[Collected data]
Start of Block

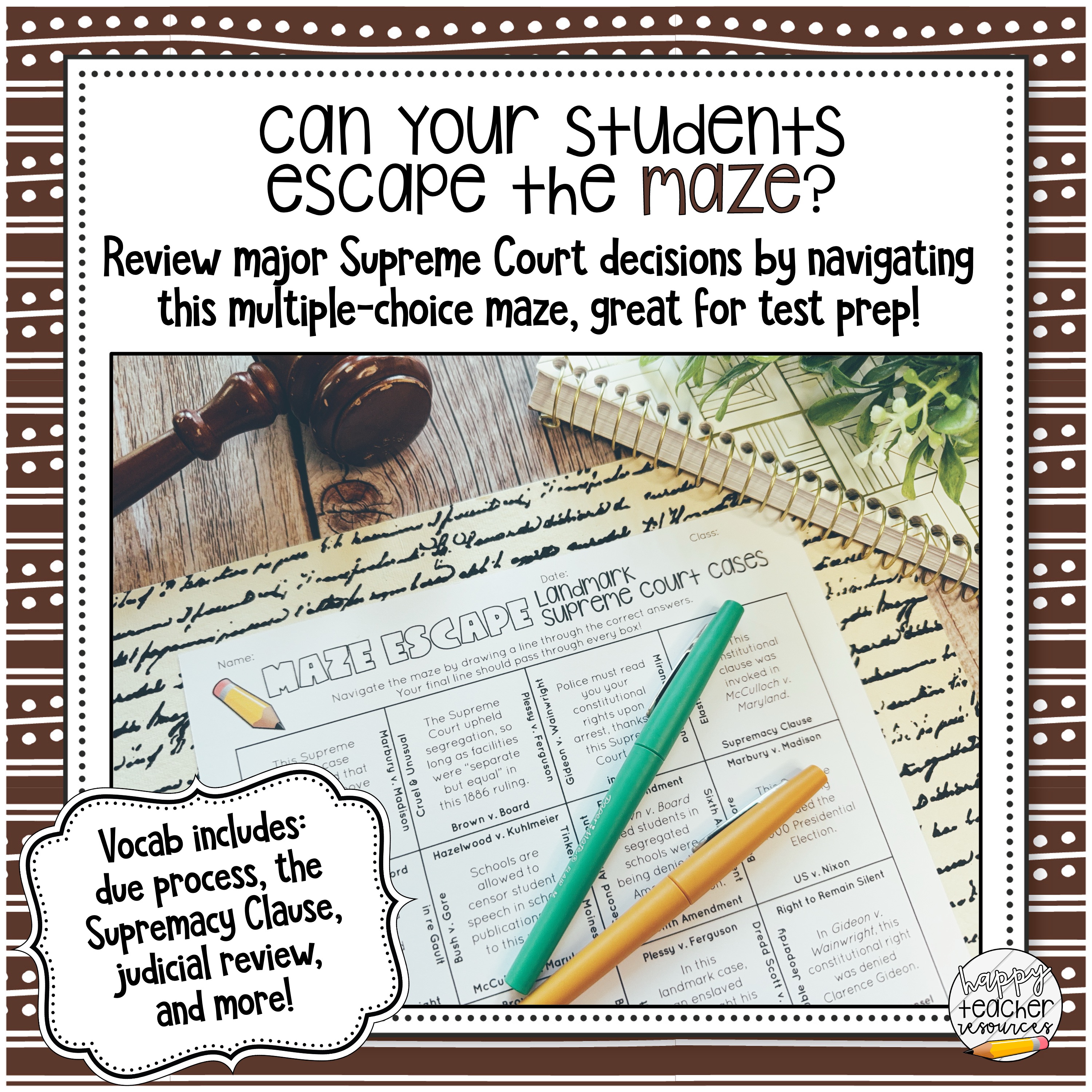 ✯ A Multiple-Choice Maze Escape. Students navigate the maze of review questions by drawing a straight line through each correct answer. By the time they reach the finish, their line should pass through every box! Questions include vocabulary and key concepts related to landmark Supreme Court Cases.
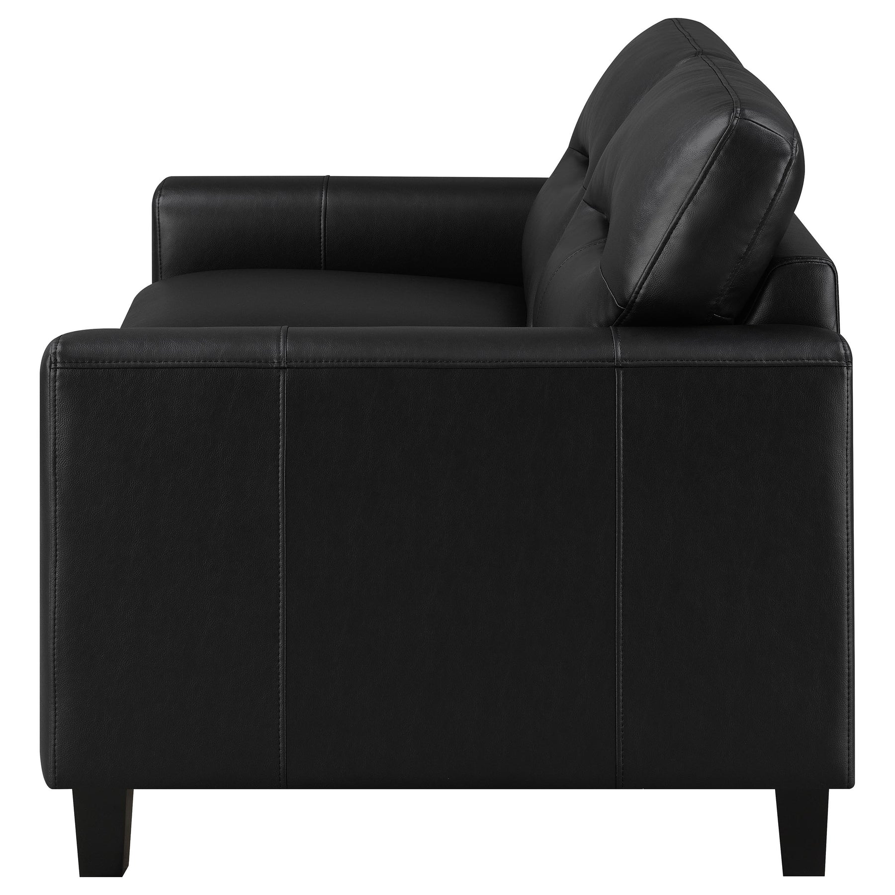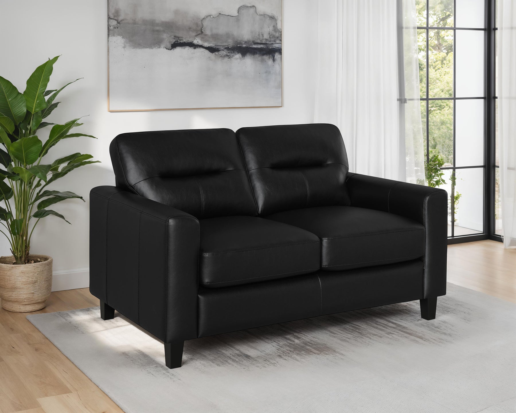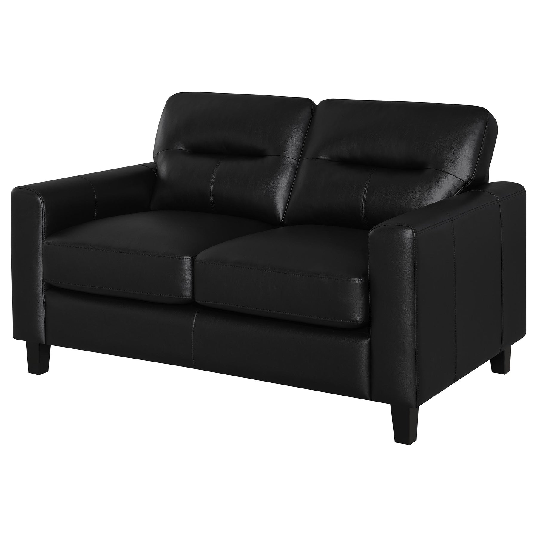 Balanced in scale and quiet in confidence, this loveseat offers a space for connection and calm. Its clean silhouette is framed by broad arms and softened by plush seating wrapped in smooth upholstery. Gentle stitching adds a hint of refinement across each surface. Crafted to complement the room or stand alone in smaller settings, it invites shared comfort and effortless repose. Key Features: • Loveseat with structured track arms and padded seating for compact comfort • Black leatherette finish enhances the modern profile with a smooth surface • Defined cushions offer medium-firm support with tailored topstitch detail • Block-style legs match body color for consistent visual appeal • Crafted from pine, plywood, foam, and leatherette upholstery throughout • Perfect for small-scale seating or pairing with matching collection pieces
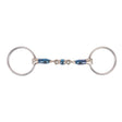 Created from blue sweet iron to help encourage salivation, the Bombers Loose Ring Elliptical Dressage Control Bit helps to prevent the horse from using its tongue to push against the bit. Featuring an ergonomically shaped mouthpiece and a flat lozenge joint to help provide softer tongue pressure. The double-jointed mouthpiece facilitates movement in the horse’s mouth to help encourage bit acceptance. The blue sweet iron oxidizes easily and offers a warm, sweet taste for your horse.
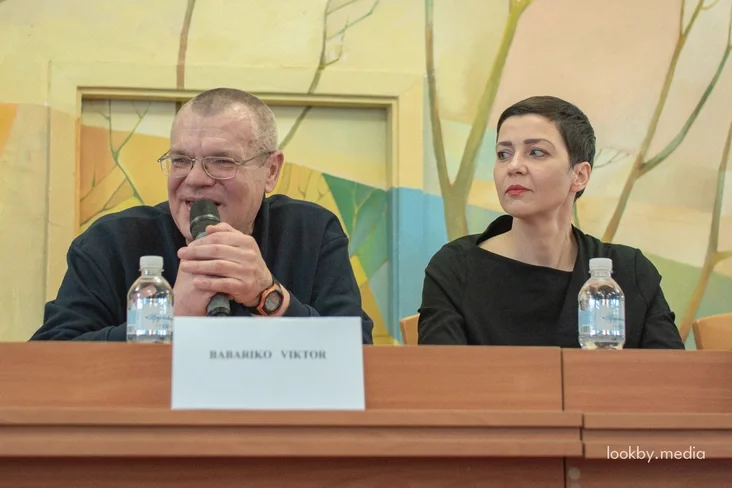 Віктар Бабарыка і Марыя Калеснікава падчас прэс-канферэнцыі 14 снежня 2025 года. Фота: LookByMedia
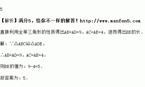 如图,已知△ABC≌△ADE,若AB=9,AC=4,则BE的值为____.
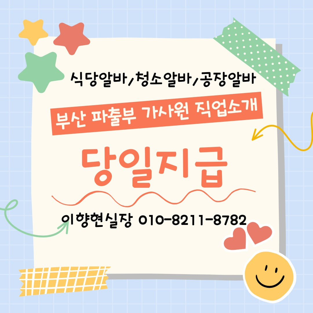 식당 #파출부 #청소 #가사도우미 #단체급식 #장사 #부산 #생산 #제조#가공#포장#식품#공장#가사#당일지급#일급#주급\월급\월급\월급\n크린\대형마트\회사\명절\음식점/직업/원룸/투룸/쓰리룸+가정집/이사,수산,농축산,시장,푸드,직업소개소,인력공급,택배,선물세트/부전시장/아르바이트/직원식당+파트내식당+식당+음식점+조리원+부산시내음식점+식당·식당+음식점·조리장·부산시내잡거실
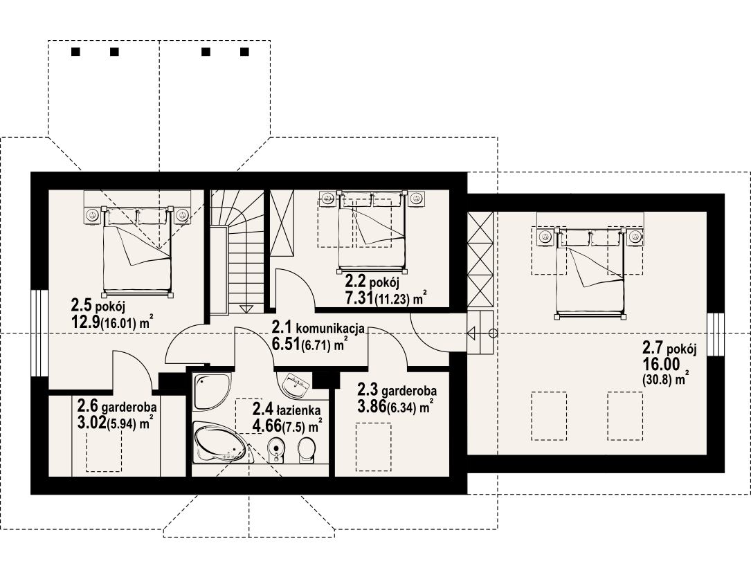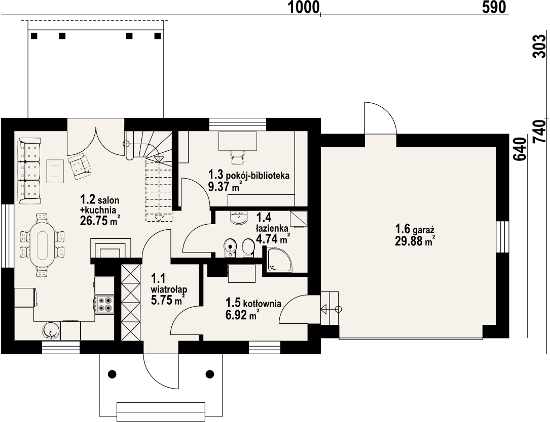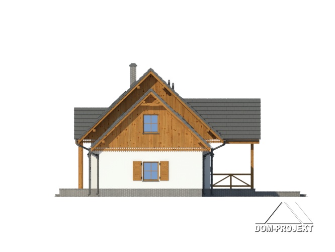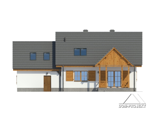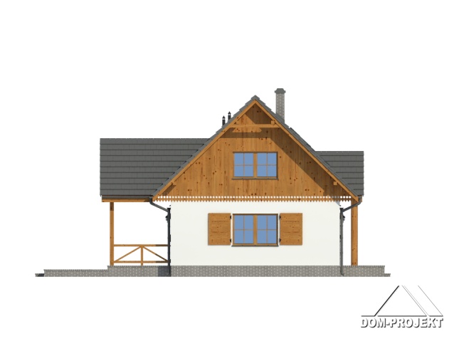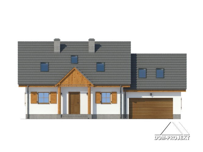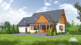 Wygodny dom z poddaszem i garażem. Duży salon z aneksem kuchennym, kominkiem, wyjściem na zadaszony taras i schodami na poddasze. Pokój, łazienka, kotłownia, wiatrołap i garaż. Na poddaszu trzy pokoje, łazienka, dwie garderoby i komunikacja. Zwarta bryła budynku i dach dwuspadowy sprzyjają taniej i szybkiej budowie i niskim kosztom eksploatacji.
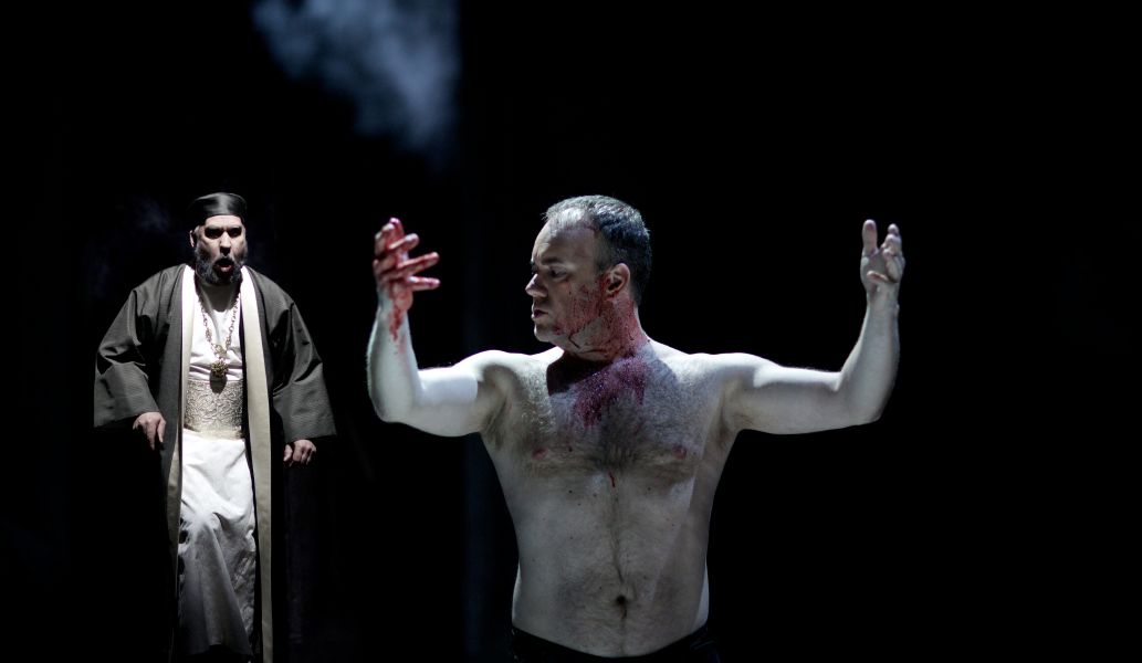 The more complex side of the piece is crystallized when heroic baritone Johan Reuter’s Saul (pictured above) sinks into a depression, only to be soothed by the song of David (Heldentenor Niels Jorgen Riis, more shaggy Jokanaan in Salome than beautiful boy). Nielsen himself embraced both sides, and more; Schønwandt bought my suggestion that the “Four Temperaments” of the absolutely contemporary Second Symphony are aspects of the composer, and suitably interwoven in each movement.

End of Block

**TASK:** Although pictures appear among the records above, none are to be output; print exactly the lines from the line containing "Created from blue" through the line containing "Wygodny dom z".

**FINISHED EXERCISE:**
 Created from blue sweet iron to help encourage salivation, the Bombers Loose Ring Elliptical Dressage Control Bit helps to prevent the horse from using its tongue to push against the bit. Featuring an ergonomically shaped mouthpiece and a flat lozenge joint to help provide softer tongue pressure. The double-jointed mouthpiece facilitates movement in the horse’s mouth to help encourage bit acceptance. The blue sweet iron oxidizes easily and offers a warm, sweet taste for your horse.
 Віктар Бабарыка і Марыя Калеснікава падчас прэс-канферэнцыі 14 снежня 2025 года. Фота: LookByMedia
 如图,已知△ABC≌△ADE,若AB=9,AC=4,则BE的值为____.
 식당 #파출부 #청소 #가사도우미 #단체급식 #장사 #부산 #생산 #제조#가공#포장#식품#공장#가사#당일지급#일급#주급\월급\월급\월급\n크린\대형마트\회사\명절\음식점/직업/원룸/투룸/쓰리룸+가정집/이사,수산,농축산,시장,푸드,직업소개소,인력공급,택배,선물세트/부전시장/아르바이트/직원식당+파트내식당+식당+음식점+조리원+부산시내음식점+식당·식당+음식점·조리장·부산시내잡거실
 Wygodny dom z poddaszem i garażem. Duży salon z aneksem kuchennym, kominkiem, wyjściem na zadaszony taras i schodami na poddasze. Pokój, łazienka, kotłownia, wiatrołap i garaż. Na poddaszu trzy pokoje, łazienka, dwie garderoby i komunikacja. Zwarta bryła budynku i dach dwuspadowy sprzyjają taniej i szybkiej budowie i niskim kosztom eksploatacji.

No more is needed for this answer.